Liam Bern

Personal information
- Date of birth: 6 March 2003 (age 23)
- Position(s): Defender; defensive midfielder;

Team information
- Current team: AmaZulu Football Club
- Number: 17

Senior career*
- Years: Team / Apps / (Gls)
- 2021–2025: Cape Town Spurs / 36 / (0)
- 2025–: AmaZulu Football Club / 3 / (0)

= Liam Bern =

South African soccer player

Liam Bern (born 6 March 2003) is a South African soccer player who plays as a defender for AmaZulu Football Club in the Premier Soccer League.

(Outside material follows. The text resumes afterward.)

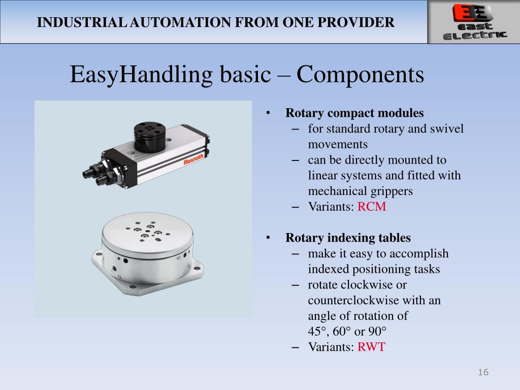INDUSTRIAL AUTOMATION FROM ONE PROVIDER EasyHandling basic – Components • Rotary compact modules • for standard rotary and swivel movements • can be directly mounted to linear systems and fitted with mechanical grippers • Variants: RCM • Rotary indexing tables • make it easy to accomplish indexed positioning tasks • rotate clockwise or counterclockwise with an angle of rotation of 45°, 60° or 90° • Variants: RWT

Bern came through the academy of what was then called Ajax Cape Town, joining from Tableview at age 9. His first training session with the senior team of Cape Town Spurs came when he was 15, and he was moved up to the senior team in 2021. Here, he played two seasons in the National First Division, gaining promotion to the 2023–24 South African Premier Division.

In 2022, Bern went on trial with KV Mechelen in Belgium. He also helped launch a charity campaign called "Blikkies and Boots", aimed at donating sports gear and nutritional goods for the club Blikkiesdorp United FC.

During the 2023–24 Premier Division, Bern was moved from left back to defensive midfield. The manager Ernst Middendorp who took over during the season wanted Bern more centrally in the field.